A malicious plugin can trivially defeat any guardrail shipped with your config. Review plugin source before adding it to plugins: [...] — the same way you’d review any third-party dependency.

Session JSONL trust

when.happened reads entries tagged via appendEntry. The write path is engine-controlled — every write is auto-stamped with the current _agentLoopIndex and names go through validation before the entry lands in the session JSONL. The read path (findEntries) treats every tagged entry in the session JSONL as authentic. Entries written outside the steering engine — direct JSONL writes by another pi extension, hand-edited session files, or a pi.appendEntry call from non-steering code — can forge type tags and trick when.happened into thinking an event occurred when it didn’t, bypassing rules that gate on that event.
This is the out-of-band trust boundary. Within the steering engine itself, the invariant holds: appendEntry auto-stamps writes and name-validates tags. Cross-extension and external writes are outside the engine’s reach.

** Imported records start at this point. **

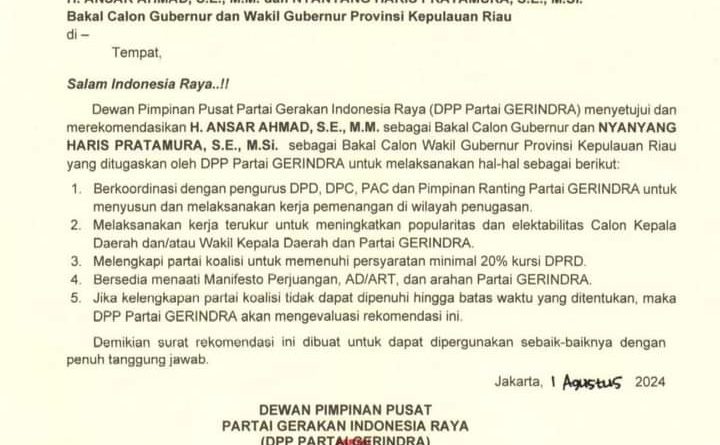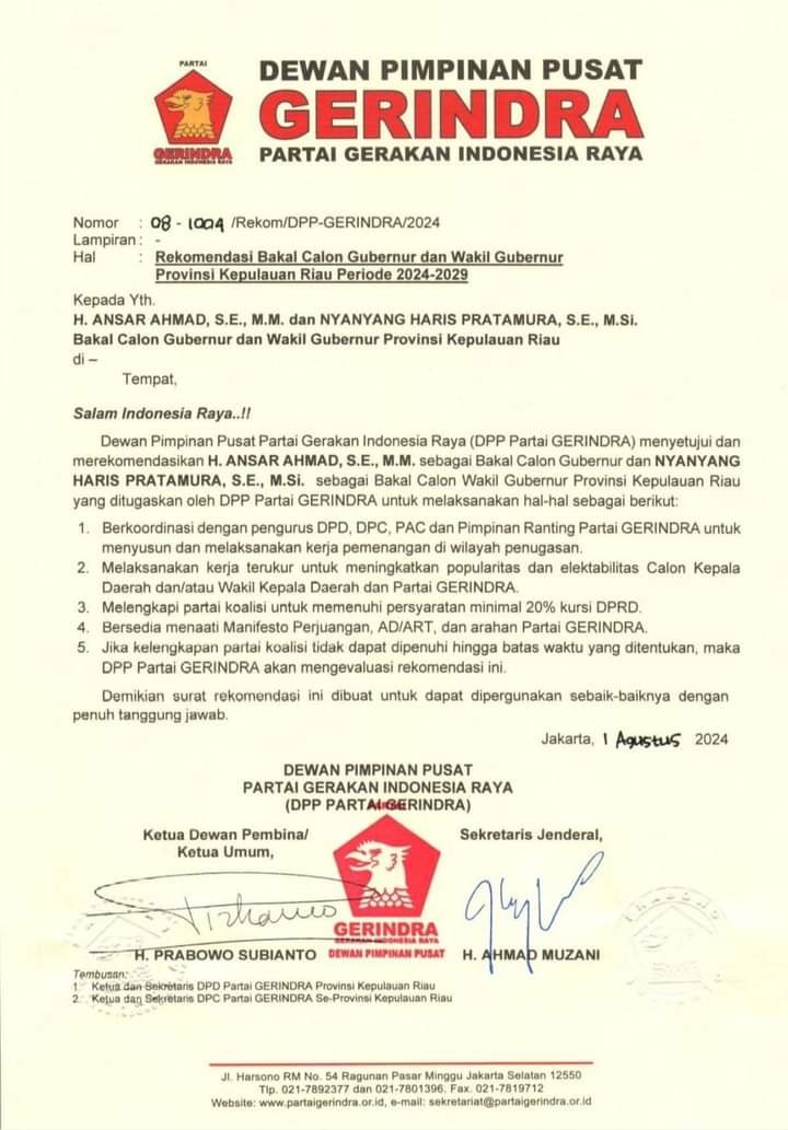 Artinya Ansar sudah di pastikan ingin maju kembali sebagai Cagub Kepri, pendaftaran ke KPU Kepri bundaran km 8 Tanjungpinang bulan ini wajib sudah daftar lewat Gerindra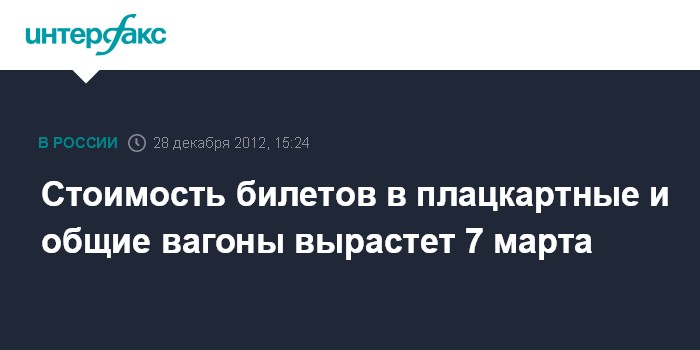 Москва. 28 декабря. INTERFAX.RU - Стоимость билетов в плацкартные и общие вагоны фактически повысится 7 марта 2013 года, следует из приказа Федеральной службы по тарифам (ФСТ) РФ, опубликованного в пятницу в "Российской газете". Документ, который повышает ставки действующих тарифов на 20% в целом по году, вступает в силу 1 января.
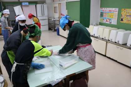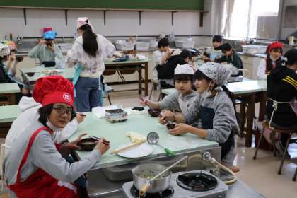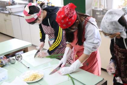 6年生の家庭科の授業の様子です。今日はみんな楽しみにしていた調理実習で、味噌汁を作っていました。包丁の使い方も上手にできていました。煮干しからとった出汁で作った味噌汁の味にとても満足している様子でした。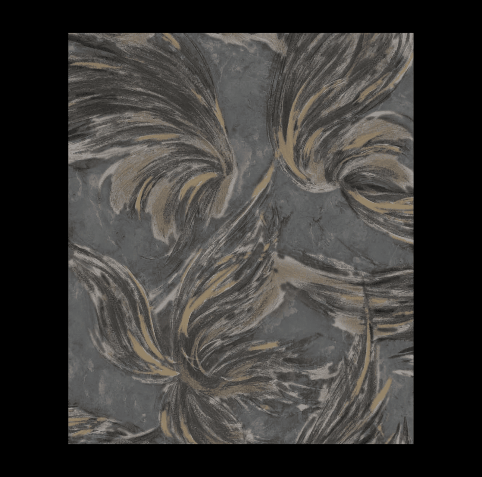 DRAMATIC ABSTRACT FEATHER WALLPAPER IN BLACK, GREY, AND GOLD FOR A BOLD AND ARTISTIC ACCENT WALLPAPER.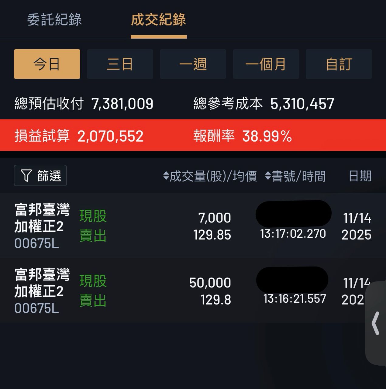 [標的] 00675L 臺灣富邦加權正二 獲利出場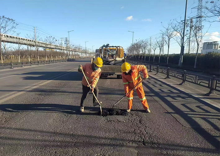 此次修補主要針對海濱大道、港前大道、蘇海路、陬三路等主次干道破損的、坑洼的路面進行修補。12月15日—17日,在各主要路段看到,施工機械設備及人員搶抓晴好天氣,對管養路段路面坑槽進行修補,期間大家各司其職對路面坑槽進行銑刨、清渣、瀝青攤鋪、壓實整平......各個工序有序展開,修復后的路面平整、美觀。經過三天的緊急搶修,已完成海濱大道、港前大道、蘇海路瀝青路面修補工作,修復總面積約180平方米,使用瀝青冷補料10余噸。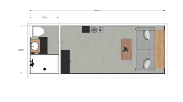 Dimensions intérieures : 2,00 x 5,60 x h 2,45 m, surface intérieure brute 11,2 m2.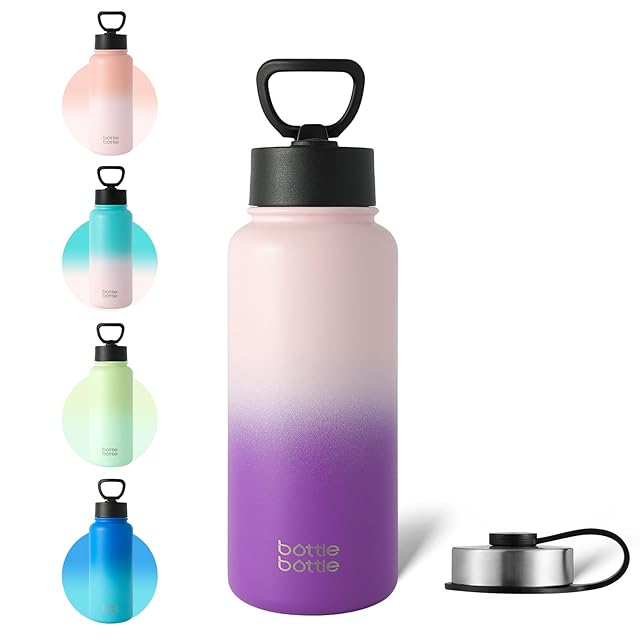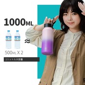 BOTTLE BOTTLE 水筒 1000ml ステンレス ウォーターボトル 女の子 直飲み ストロー付き 二重構造 保温保冷 真空断熱 持ち運び アウトドア パープル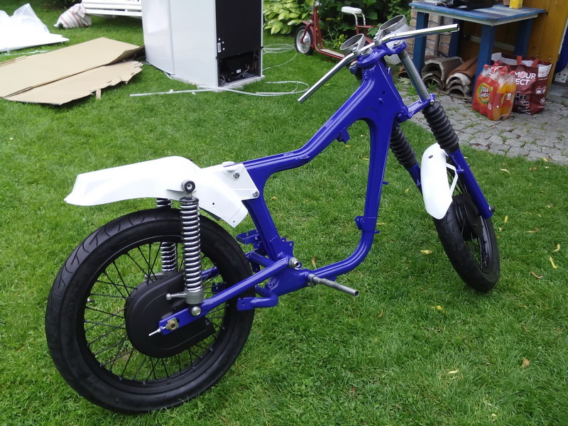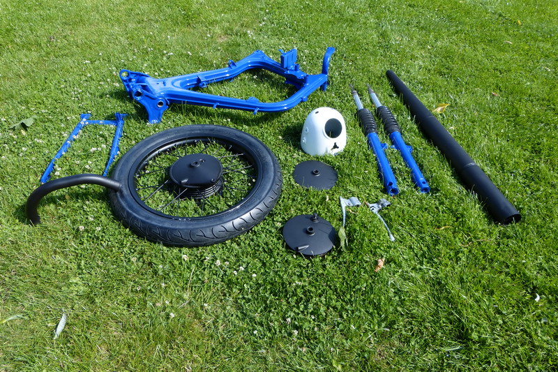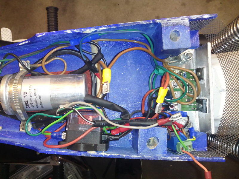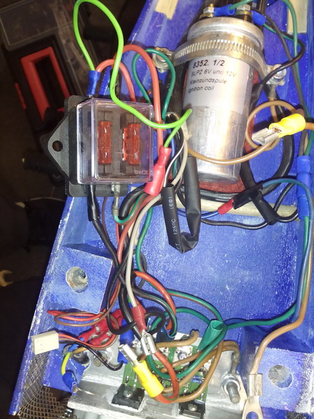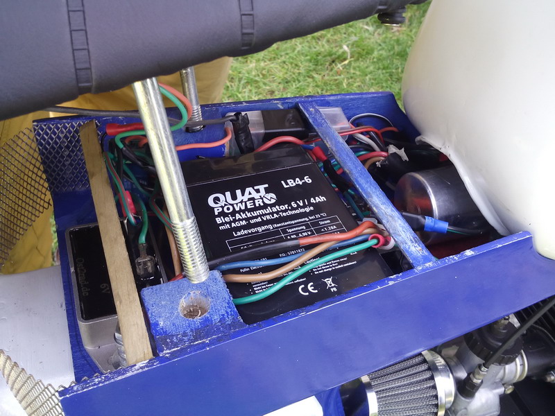 | 2. September 2016 | Die gesamte 6V Elektrik inclusive Akku, Zündspule, Regler, Stepup Module und Relais wird in den Kasten unter dem Sitz eingebaut. Eine kleine Herausforderung! |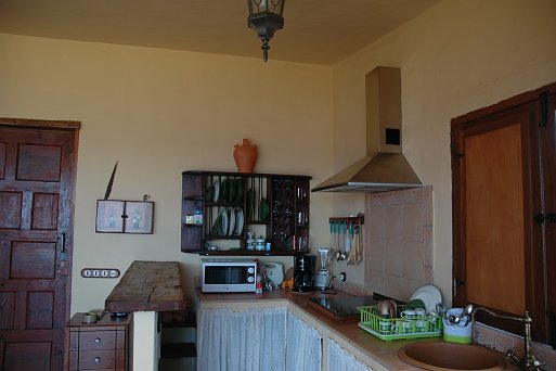Betritt man das Haus durch die stabile und originelle Eingangstür, teilt ein Holztresen die sehr gut mit nützlichen Utensilien ausgestattete rustikale Küche vom Wohnbereich. Zu ihrer Einrichtung gehören ein großer Kühlschrank, ein Ceranfeld Herd mit Abzugshaube, eine Mikrowelle, ein Toaster, ein Wasserkocher und eine Kaffeemaschine. Das Geschirr kann an der runden Spüle mit Meerblick abwaschen werden.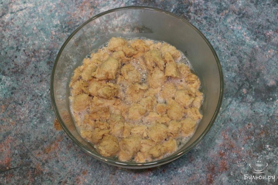 5. Затем берем мясо руками порционно и выжимаем воду, которой еще много находится в соевом мясе. Уже более сухие кусочки кладем в сковородку. Берем следующию порцию и так далее.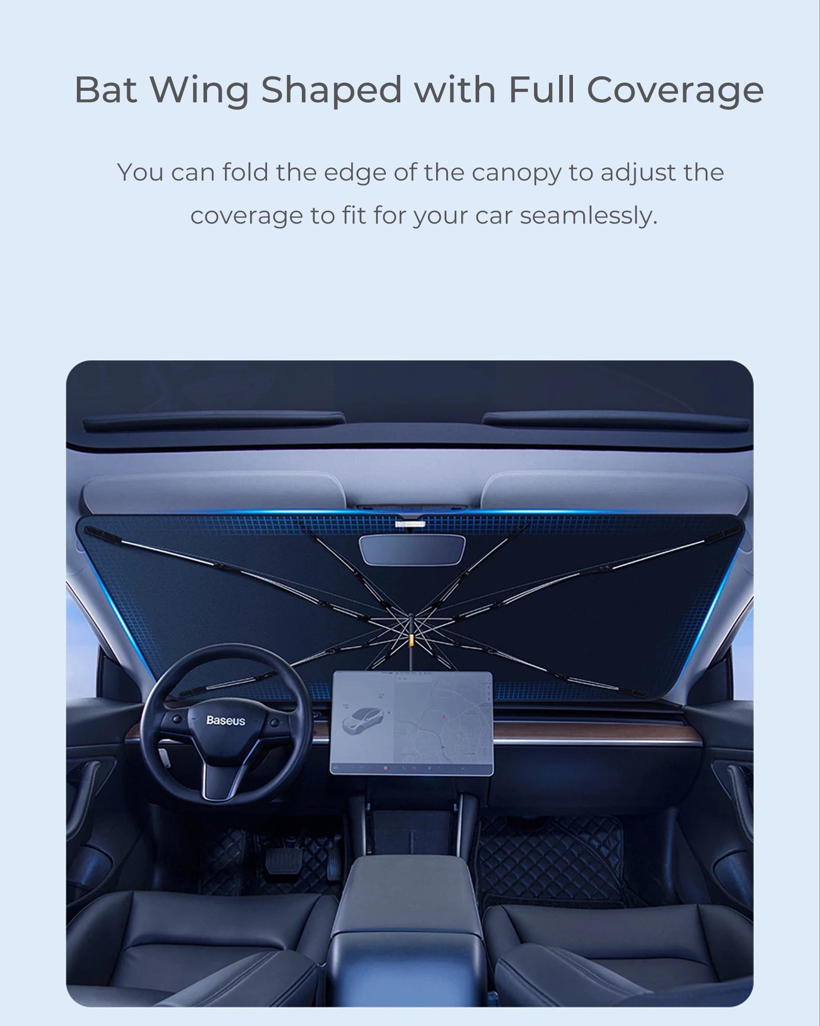 The bat wing-shaped design offers full coverage for your windshield, and you can easily adjust the canopy's edge to fit your car perfectly.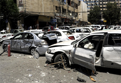 Hiện trường vụ đánh bom tại thủ đô Đa-mát ngày 30-4. Ảnh: AP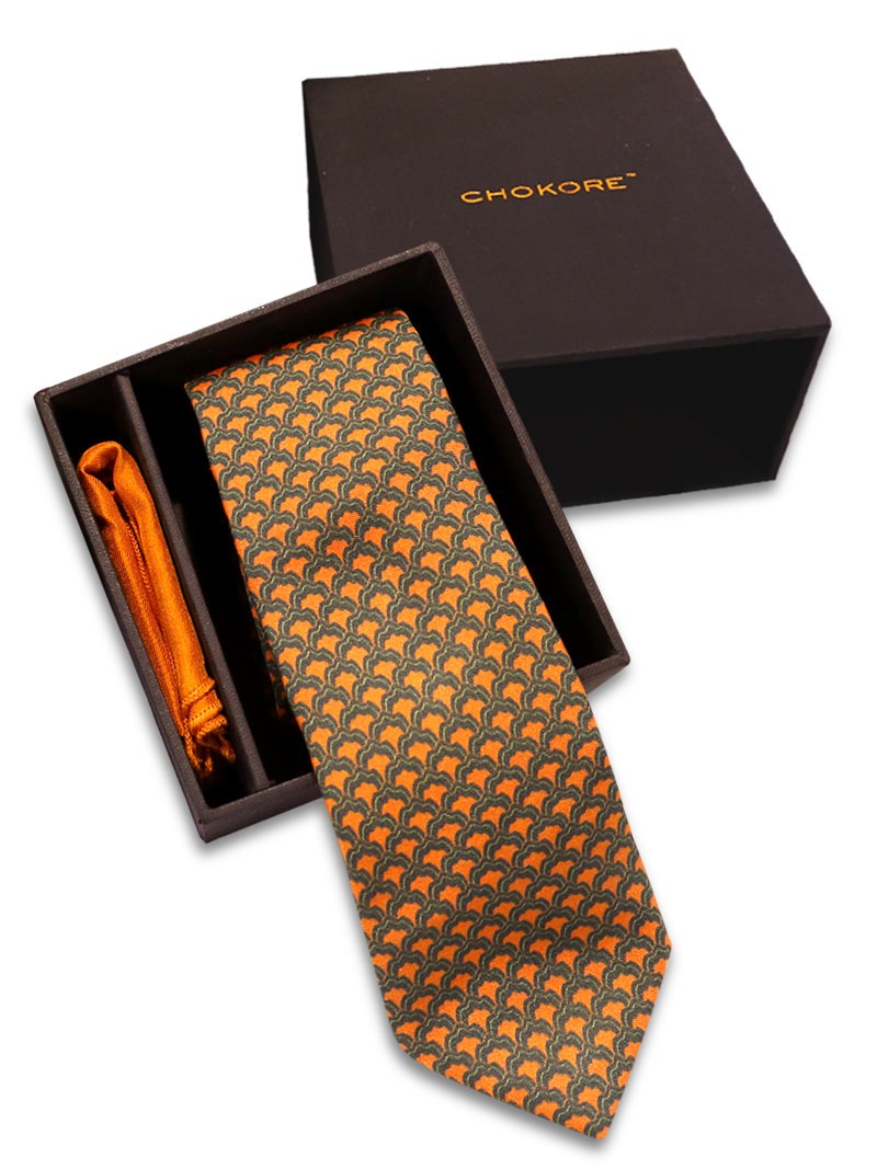 The Orange Printed Neck Tie set is the perfect choice for you. The colour scheme of this set will make your personality shine and impress.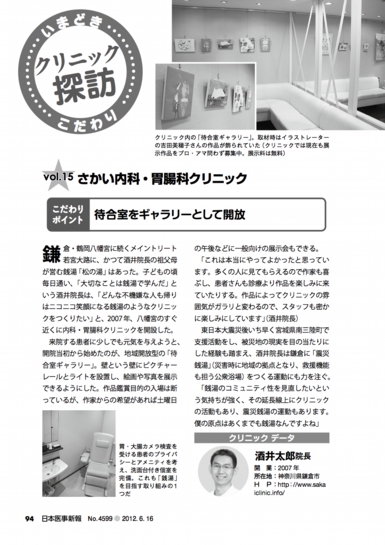 当院の待合室ギャラリーの記事が医事新報2012年6月16日号「いまどき こだわり クリニック探訪」のコーナーに掲載されました。(クリックにて拡大)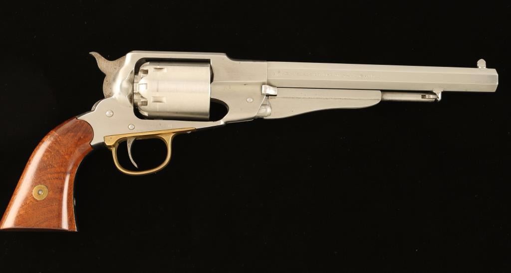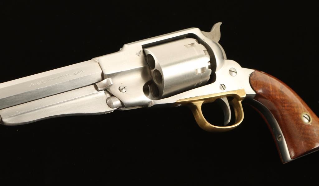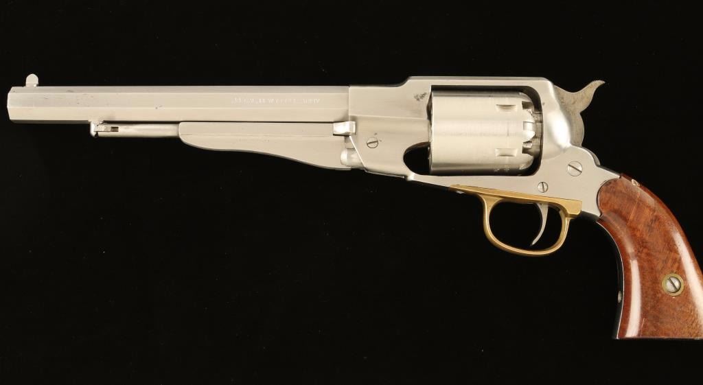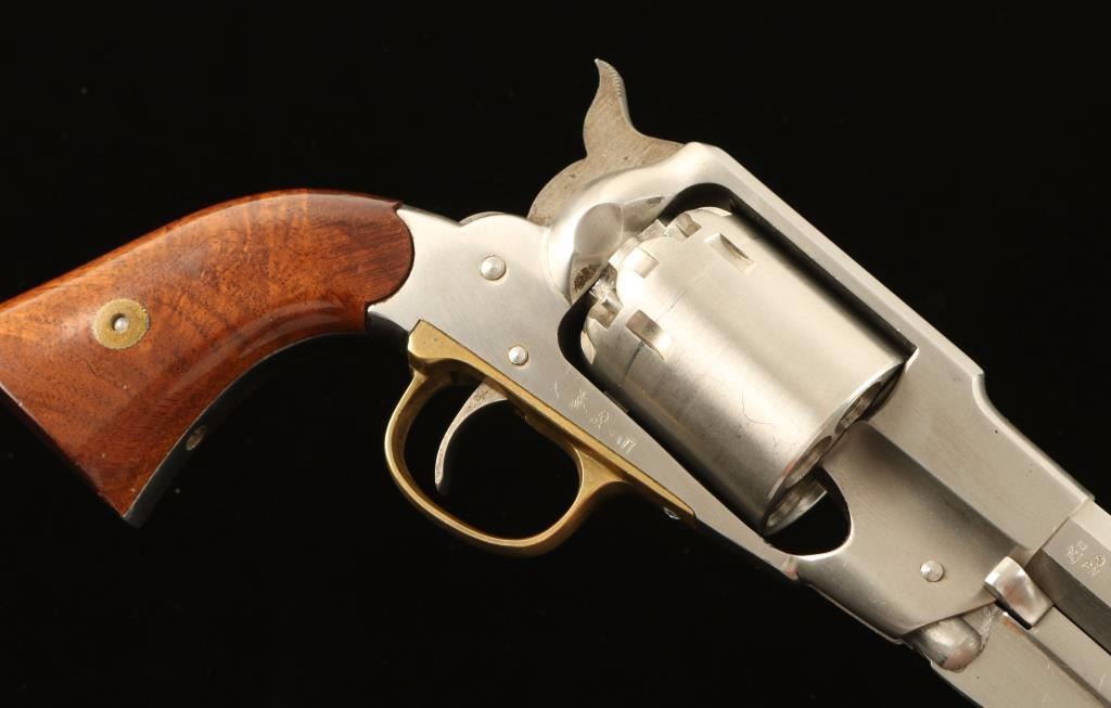 Italian made stainless steel replica percussion revolver chambered for .44 caliber ammunition, circa 1988. Features a brushed finish, 8" octagonal barrel, pinched post front sight, loading lever, six shot non-fluted cylinder, brass trigger guard, serrated hammer spur, and two piece varnished wood grips. Revolver exhibits a small area of dark oxidation and moderate handling marks with no major wear. Action is smooth, bore is clear and wood grips are near fine. Condition is very good++. ***Antique Firearm***

Strict mode and load failures

Strict mode is failOnWarnings: true, the default. If your steering config fails to load at extension factory time — a plugin throws during import, a syntax error in index.ts, a dependency resolution failure — pi-steering’s bridge factory throws and surfaces the diagnostic in pi’s [Extension issues] block at startup (yellow). Pi disables the extension for the session and continues running unsteered. Two classes of diagnostic exist:
  • Warning-class (escalate to throw in strict mode): cross-layer plugin name collision, within-layer rule/observer collision, predicate-key collision.
  • Error-class (always throw, regardless of failOnWarnings): tracker-name collision, reserved-name violations. The engine cannot operate safely with two plugins claiming the same state dimension.
To opt out of warning-class escalation:
export default defineConfig({
  failOnWarnings: false,
  plugins: [/* ... */],
});
With failOnWarnings: false, warning-class diagnostics fall through to console.warn (single-line [pi-steering] [warning] <message> shape on stderr) and the bridge keeps running with the merged config. Error-class diagnostics still throw. Note: pi’s interactive TUI clobbers console.warn output on /reload. For visibility while iterating, prefer fixing the warnings or running pi-steering list to inspect the resolved config.

Block-reason tag trust

The [steering:<name>@<source>] tag prepended to every block reason is validated at load time. Rule, plugin, and observer names must match [A-Za-z0-9][A-Za-z0-9_-]* — they must start with a letter or digit, followed by any combination of letters, digits, underscores, and dashes. A name like phony] ALL CLEAR [real would forge the tag structure — this is rejected at load time with an error-class diagnostic. Beyond the tag shape, the contents are plugin-authored. A plugin shipping a rule with reason: "[steering:other-rule@other-plugin] …" can make its block look like it came from another plugin. The guardrail here is plugin trust (see above), not the tag machinery.

Cross-project resume

When you run pi --resume with a session originally created in another project, pi-steering loads rules from your launch cwd, not the session’s cwd. If the two differ, the bridge emits a single line on stderr:
[pi-steering] session cwd /path/to/other-project differs from launch cwd /path/to/current-project
Evaluation continues using launch-cwd rules. This means rules authored for the other project’s directory structure may not fire as expected for that session’s commands. To use the resumed session’s project rules: exit pi and re-launch from that project’s directory.
Pi’s footer (the bottom bar in interactive TUI mode) shows the session cwd. Watch it when resuming sessions across projects — a mismatch there means your steering rules may be from the wrong config tree.